It was Armistice Day for 1943.
The Moscow Conference came to an end.
French security forces raided the homes of President El Khoury, Prime Minister Riad Al Solh, and all but two members of the Cabinet, including future President Camille Chamoun, in reaction to the unilateral Lebanese repeal of the League of Nations' mandate over the country.
High Commissioner Helleu suspended the Lebanese constitution and appointed Émile Eddé as the new President.
The dissolution and unraveling of the French Empire had commenced.

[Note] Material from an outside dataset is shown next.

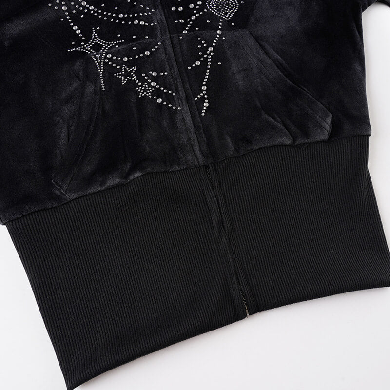 Embrace edgy elegance with the NURO Abstract Print Velvet Hooded Zip Up Jacket. This standout piece combines plush velvet fabric with eye-catching abstract patterns, rhinestone accents, and a cozy faux fur-lined hood. Designed with a cropped length and slim fit, this jacket is perfect for making a bold fashion statement in any setting.
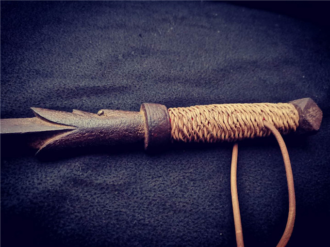 数据; 全长77.1厘米,锏身长61.6厘米,铁雕龙吞长7.5厘米。 这支明代一体铁雕龙吞锏整体锻造后在手工打磨成型,整体做工异常规整,柄首为铁雕八宝,铁雕龙吞7.5厘米长,嵌铜眼,造型呆萌古意盎然,龙吞游丝线雕纹饰,龙鳞牙齿基本清晰可见,锏身饱满,菱形由粗渐细,虽然有一点锈蚀,但是整体状态非常棒,骨子硬朗坚实,这支铁雕龙吞锏原始状态没有任何动手整理过,因为原主人对此锏非常喜爱,经常拿在手里盘玩,所以图片中可以看到锏身包浆下有红锈,这种包浆会给一些初级收藏爱好者有所疑惑,但是实物却为傻开门的器物,再有这支锏一体锻造,用金属轻轻敲击锏身,声音非常好听,并且会有长久的共鸣产生,绝对是一支同类古兵器中的精品。 | ||||||||||

In France, Armée Secrète Resistance fighters led by Colonel Henri Romans-Petit placed flowers at the foot of the memorial for the dead of the Great War in an act of bold defiance of the Germans.
The Red Army took Radomyshi.
Allied bombing of Rabaul ended following a final raid, with nearly every Japanese ship there disabled or destroyed.
Sarah Sundin notes something about that raid:
Today in World War II History—November 11, 1943: In Rabaul raid, US Navy Curtiss SB2C Helldiver makes its combat debut. US Eighth Air Force activates “Carpetbagger” squadrons to deliver supplies to resistance.
The film Sahara, with heroic Allies stranded in the desert, and even a sympathetic Italian character, holding off the Germans, was released.
Three Allied transport ships and a tanker are sunk east of Oran in a major Luftwaffe raid.